Once the allegation has been reviewed you will be issued with a “Barking Diary” and requested to assist in collecting the necessary evidence. These diaries need to be as accurate as possible for a period of 14 days in the first instance. These diaries should be completed if the approach to the dog owner has not been successful. The first week of diaries must be forwarded to the Council Rangers Section within 14 days in order that the complaint can be further investigated.  To download a "Barking Diary" that you can use to record nuisance barking, click here

Click here to view the Dog Act 1976 to see what constitutes a nuisance. Refer to Division 4 — Control of nuisance, page 80.


Dog Excrement

Local laws require that the dog owner/s, or person/s in control of the dog, be responsible for the removal of excrement from any street or public place - as well as private property used without the consent of the occupier.

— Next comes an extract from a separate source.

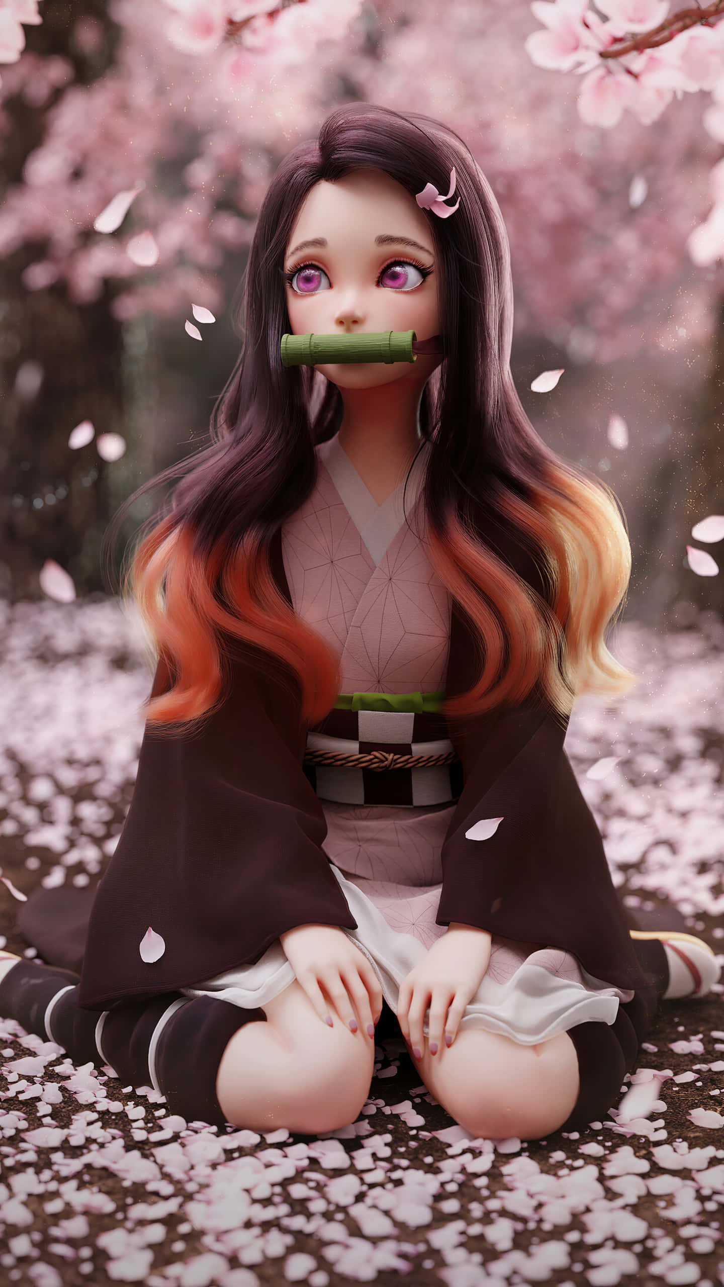 Cool Nezuko From Kimetsu No Yaiba Looks Fierce And Ready For Battle! Wallpaper

Please be aware of your responsibilities as a dog owner and carry a plastic bag or pooper scooper. Bags are located at Parks around the Town.  Please be considerate - although cleaning up is not a pleasant task, most owners would agree it is preferable to banning dogs from our Parks.

Restricted Breed Dog Laws

Under new restrictions, owners of restricted breed dogs in Western Australia were required from 22 April 2002 to follow similar provisions as those that apply to dogs declared dangerous.  These measures include adequate identification of such dogs and properties where they are kept, stringent fencing requirements, muzzling and restraining at all times in public and age restrictions for owners and handlers.  Further details can be obtained from the "Laws for Responsible Dog Ownership" brochure available from Council offices, or  follow this link to the WA Rangers website.

Moving out of the Town, Lost/Stolen or Deceased Pet

When a dog is sold, re-homed, lost/stolen or deceased, it is the registered owner's responsibility to provide the Town with this information within 28 days.
Please download this form and submit through to

If your family are moving house within the State of WA, your pet’s current registration remains valid, however, you must advise your previous Council of the change and also contact your Microchip Data Base Company within 7 days to update the animal and owner's details.  It is important that your details are accurate and up todate.